$A$ rectangular box lies on a rough inclined surface. The coefficient of friction between the surface and the box is $\mu$. Let the mass of the box be $m$.
$(a)$ At what angle of inclination $\theta$ of the plane to the horizontal will the box just start to slide down the plane?
$(b)$ What is the force acting on the box down the plane,if the angle of inclination of the plane is increased to $\alpha > \theta$?
$(c)$ What is the force needed to be applied upwards along the plane to make the box either remain stationary or just move up with uniform speed?
$(d)$ What is the force needed to be applied upwards along the plane to make the box move up the plane with acceleration $a$?

(N/A) Consider the diagram shown in the figure.

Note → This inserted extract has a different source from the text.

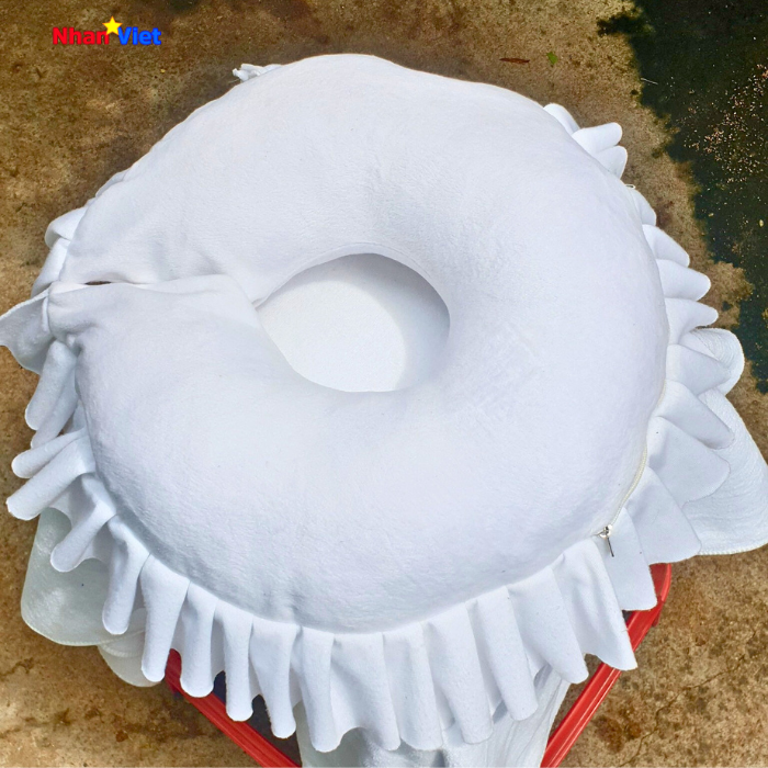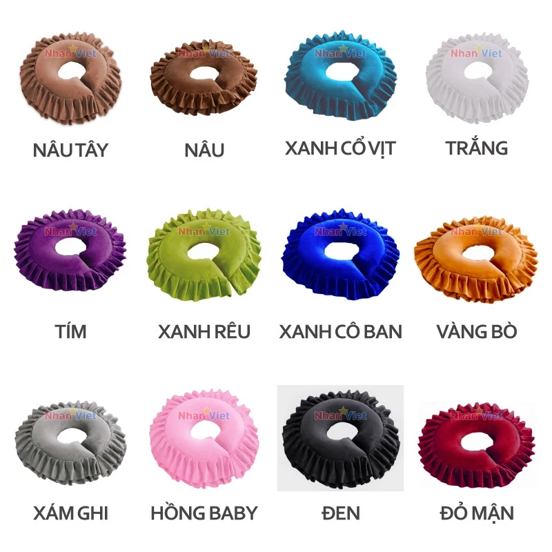 Gối nằm úp mặt massage được thiết kế với phần khoét trung tâm vừa vặn khuôn mặt, giúp giảm áp lực lên trán, mũi và gò má khi khách hàng nằm sấp trong thời gian dài. Thiết kế này hạn chế tình trạng khó thở, tê mặt hay đau cổ, mang lại cảm giác dễ chịu và thư giãn suốt liệu trình massage. Phần bèo xung quanh gối không chỉ tạo điểm nhấn thẩm mỹ mà còn tăng độ êm ái, giúp nâng đỡ đầu và cổ tốt hơn.

$(a)$ For the box to just start sliding down the slope:
$f = mg \sin \theta$
$N = mg \cos \theta$
Since $\mu = \frac{f}{N}$,we have $\mu = \frac{mg \sin \theta}{mg \cos \theta} = \tan \theta$.
Therefore,$\theta = \tan^{-1}(\mu)$.
$(b)$ When the angle of inclination is increased to $\alpha > \theta$,the net force $F_1$ acting down the plane is the component of gravity minus the kinetic friction:
$F_1 = mg \sin \alpha - f_k = mg \sin \alpha - \mu N = mg \sin \alpha - \mu mg \cos \alpha = mg(\sin \alpha - \mu \cos \alpha)$.

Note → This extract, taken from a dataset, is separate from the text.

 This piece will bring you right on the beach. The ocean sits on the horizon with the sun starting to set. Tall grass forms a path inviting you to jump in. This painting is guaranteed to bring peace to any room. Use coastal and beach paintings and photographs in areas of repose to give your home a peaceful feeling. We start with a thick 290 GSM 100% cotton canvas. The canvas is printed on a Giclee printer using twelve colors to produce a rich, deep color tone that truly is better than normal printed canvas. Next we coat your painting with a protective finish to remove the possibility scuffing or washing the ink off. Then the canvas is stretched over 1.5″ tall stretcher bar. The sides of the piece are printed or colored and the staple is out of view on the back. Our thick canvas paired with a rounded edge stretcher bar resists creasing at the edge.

$(c)$ To keep the box stationary or moving with uniform speed upward,the applied force $F_2$ must overcome both the component of gravity and the friction force (which now acts downwards):
$F_2 = mg \sin \alpha + f_k = mg \sin \alpha + \mu mg \cos \alpha = mg(\sin \alpha + \mu \cos \alpha)$.
$(d)$ When the box is to be moved with acceleration $a$ upward along the plane,the net force $F_3$ must account for the acceleration:
$F_3 = mg(\sin \alpha + \mu \cos \alpha) + ma$.